On the other hand, things relevant to you always have top priority, which is why you suddenly hear your name mentioned in someone else’s conversation.

You’ll also miss things if you are absorbed on a task even if it’s something trivial like mulling over what to have for supper or looking forward to meeting a friend. Very familiar sensations are also filtered out, so you don’t notice your own breathing. Until of course I mentioned it!

Some people have learned to focus intensely, like athletes, artists, musicians and scientists. While others struggle to concentrate long enough to complete even the simplest of tasks. Most of us fall somewhere in the middle, but we can all improve.

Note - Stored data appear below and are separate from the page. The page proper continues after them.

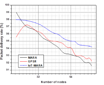 The performance of the proposed IoT-MARA algorithm is compared with the location-aided algorithm Greedy Perimeter Stateless Routing (GPSR) and Ad-hoc On-demand Distance Vector routing (AODV). In delivering the packet, the effect on the packet delivery rate is determined by the speed of nodes as shown in Figure 9. The rate of the packet delivery is gradually declined with increasing the speed of moving node. The increase in the moving speed may lead to packet loss and reduces the node’s stability. During the nodes low-speed moving, we can observe the packet delivery rate has increased in MARA. The simulated results show that IoT-MARA is a good choice for WRWSSS low-speed mobile nodes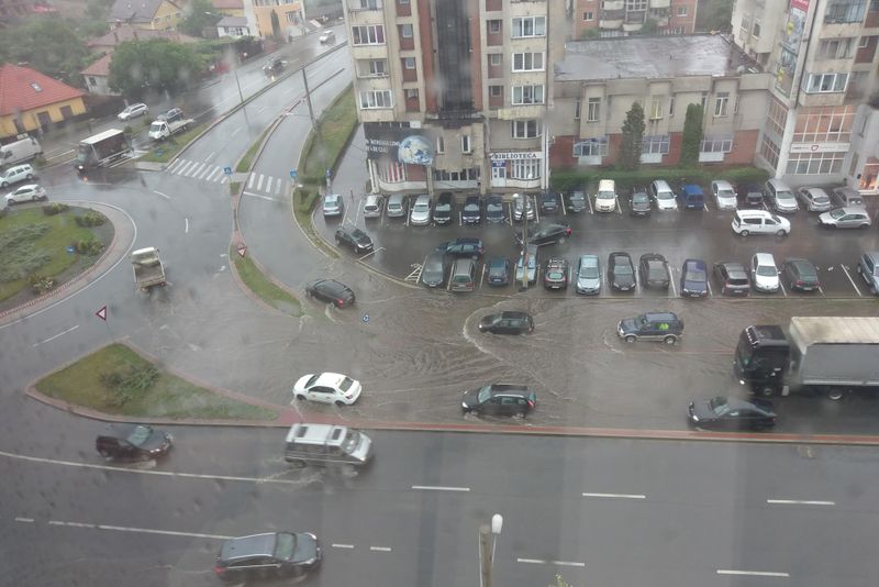 Codul portocaliu anunțat de către Agenția Națională de Meteorologie a adus la Cluj-Napoca o furtună ce a inundat mai multe străzi și subsoluri în doar 30 de minute. S-au înregistrat cantități de 35-40 de litri/metru pătrat, iar asta s-a văzut mai ales pe străzile din oraș. Pe Calea Turzii, traficul a fost blocat după ce capacele canalelor au sărit, iar mai multe porțiuni au fost inundate.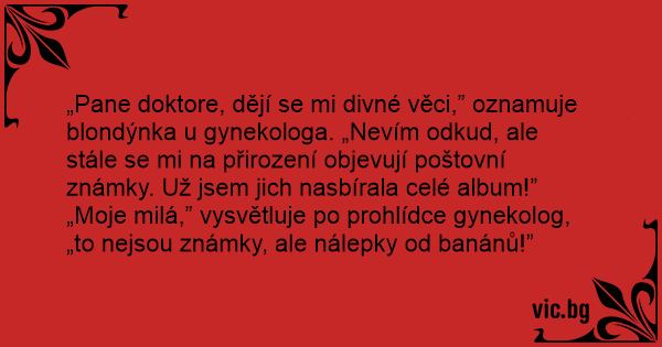 „Pane doktore, dějí se mi divné věci,” oznamuje blondýnka u gynekologa. „Nevím odkud, ale stále se mi na přirození objevují poštovní známky. Už jsem jich nasbírala celé album!”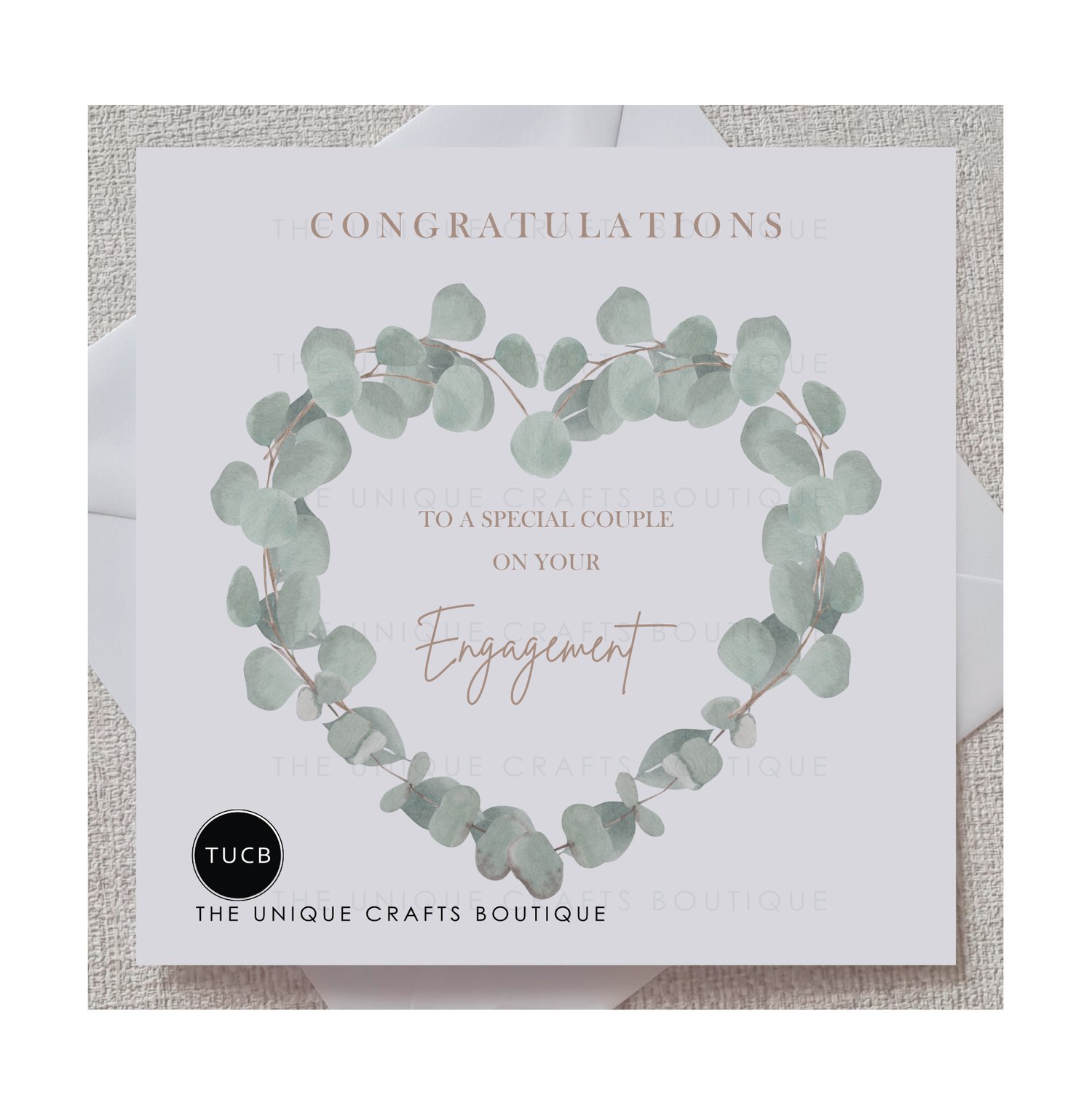 Printed with a stunning Eucalyptus leaf heart and the message 'congratulations, to a special couple on your Engagement' on the front.

The trick is knowing that the brain’s attention system is divided into two parts. Your ‘bottom-up attention system’ is what makes you jump at sudden noises. It’s totally unconscious, runs constantly in the background, and you have absolutely no control over it.

It’s intended to protect you from anything dangerous, and instantly alerts you anytime it thinks something is important enough. By contrast, your ‘top-down attention system’ is under your conscious control and is how you choose what you want to concentrate on.

So the key to improving your concentration is prioritising your focus and removing potential distractions. Like your phone. Because even while you’re talking with someone important, like your spouse, your bottom-up attention system is monitoring your phone. So your conversation suffers because it’s constantly urging you to check it out.

And multi-tasking is a myth. Your brain can only focus on one thing at a time. So when you think you’re doing two things at once, you’re actually switching between them. And because it takes your brain a short while to refocus as you change tasks, you’re actually losing concentration.

So if you’re doing something important, remove distractions like your phone, music, emails, other people, hunger and thirst and you’ll get the job done much better.

 Take a break every 30 minutes, because that’s the optimum period to focus on one task, after which your mind starts to wander. Doing something less intensive for a few minutes means you’ll come back to the task refreshed.

Remove bottom-up distractions and your memory will miraculously improve. Suddenly you’ll feel in control of your life again. Maybe for the first time in years!